▸ THE TASK
The required output is the lines of the listing from the beginning through the line containing "8、上海儒博貿(mào)易有", each copied exactly, without any pictures.

▸ ENTRIES SUPPLIED
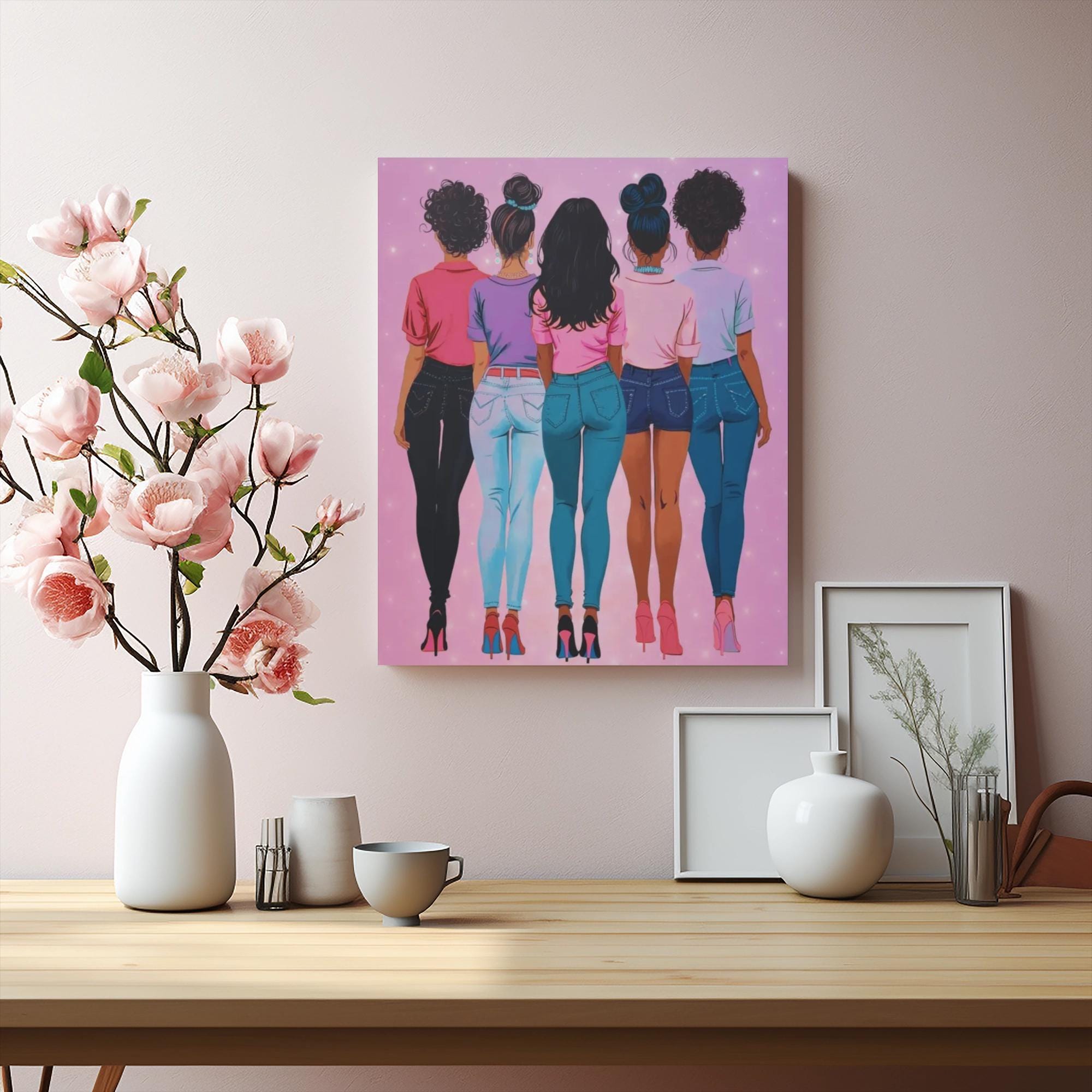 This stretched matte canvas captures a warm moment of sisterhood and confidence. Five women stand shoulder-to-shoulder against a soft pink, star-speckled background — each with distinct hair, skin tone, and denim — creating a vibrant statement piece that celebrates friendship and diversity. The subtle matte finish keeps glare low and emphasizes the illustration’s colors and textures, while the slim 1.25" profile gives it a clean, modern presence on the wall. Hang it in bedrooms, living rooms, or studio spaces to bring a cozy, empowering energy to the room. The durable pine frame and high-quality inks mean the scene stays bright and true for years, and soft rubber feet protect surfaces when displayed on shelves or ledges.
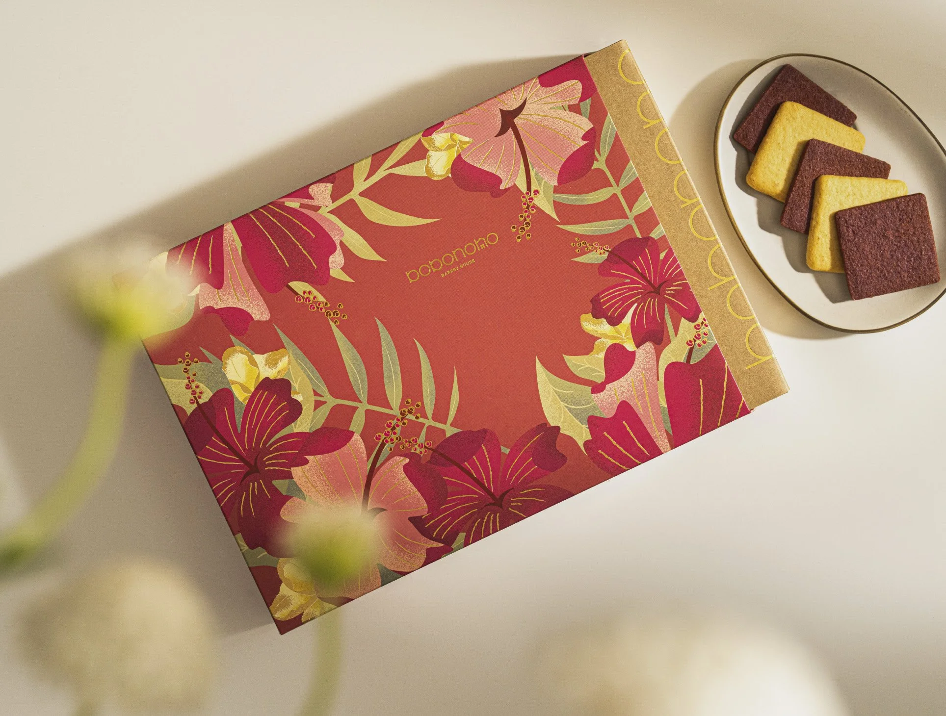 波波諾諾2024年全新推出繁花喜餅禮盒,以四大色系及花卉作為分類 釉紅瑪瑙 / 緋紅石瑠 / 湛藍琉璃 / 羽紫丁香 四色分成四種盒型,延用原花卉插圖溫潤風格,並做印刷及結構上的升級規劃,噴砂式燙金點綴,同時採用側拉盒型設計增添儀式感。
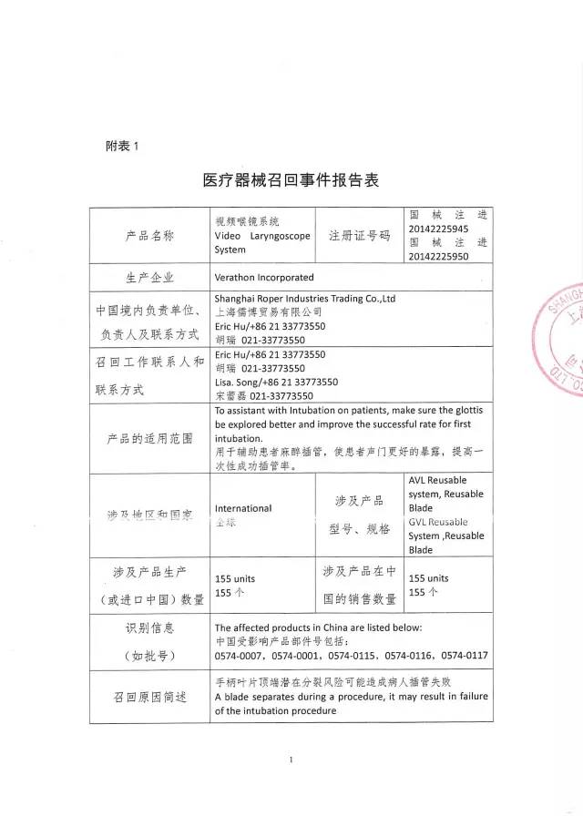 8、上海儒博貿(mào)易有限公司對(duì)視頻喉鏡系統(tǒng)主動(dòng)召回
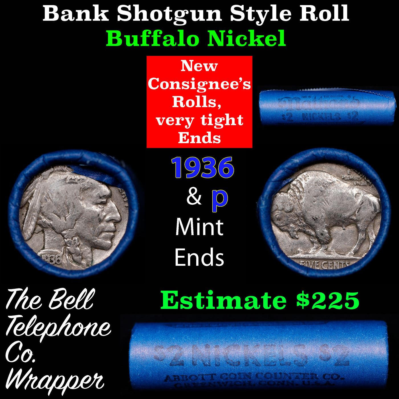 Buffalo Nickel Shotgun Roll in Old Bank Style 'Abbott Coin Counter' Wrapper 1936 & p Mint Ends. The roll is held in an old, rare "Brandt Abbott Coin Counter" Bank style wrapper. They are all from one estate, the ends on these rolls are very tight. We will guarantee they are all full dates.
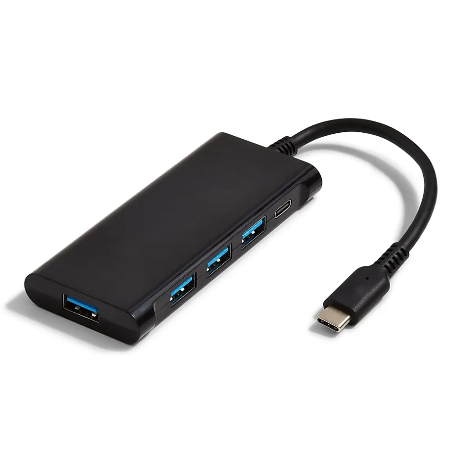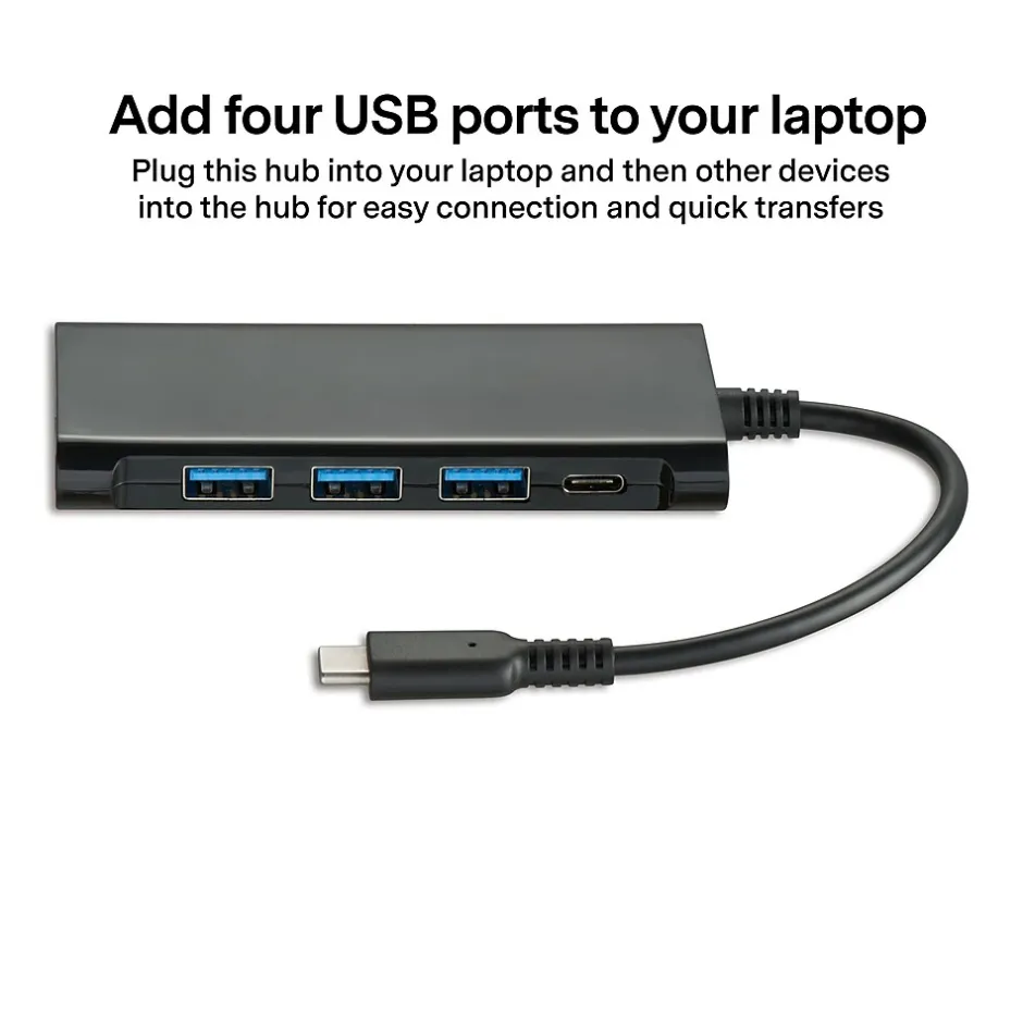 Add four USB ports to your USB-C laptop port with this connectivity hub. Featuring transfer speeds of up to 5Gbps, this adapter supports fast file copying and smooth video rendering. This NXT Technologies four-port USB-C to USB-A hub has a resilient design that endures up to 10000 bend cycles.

▸ TASK ANSWER
 This stretched matte canvas captures a warm moment of sisterhood and confidence. Five women stand shoulder-to-shoulder against a soft pink, star-speckled background — each with distinct hair, skin tone, and denim — creating a vibrant statement piece that celebrates friendship and diversity. The subtle matte finish keeps glare low and emphasizes the illustration’s colors and textures, while the slim 1.25" profile gives it a clean, modern presence on the wall. Hang it in bedrooms, living rooms, or studio spaces to bring a cozy, empowering energy to the room. The durable pine frame and high-quality inks mean the scene stays bright and true for years, and soft rubber feet protect surfaces when displayed on shelves or ledges.
 波波諾諾2024年全新推出繁花喜餅禮盒,以四大色系及花卉作為分類 釉紅瑪瑙 / 緋紅石瑠 / 湛藍琉璃 / 羽紫丁香 四色分成四種盒型,延用原花卉插圖溫潤風格,並做印刷及結構上的升級規劃,噴砂式燙金點綴,同時採用側拉盒型設計增添儀式感。
 8、上海儒博貿(mào)易有限公司對(duì)視頻喉鏡系統(tǒng)主動(dòng)召回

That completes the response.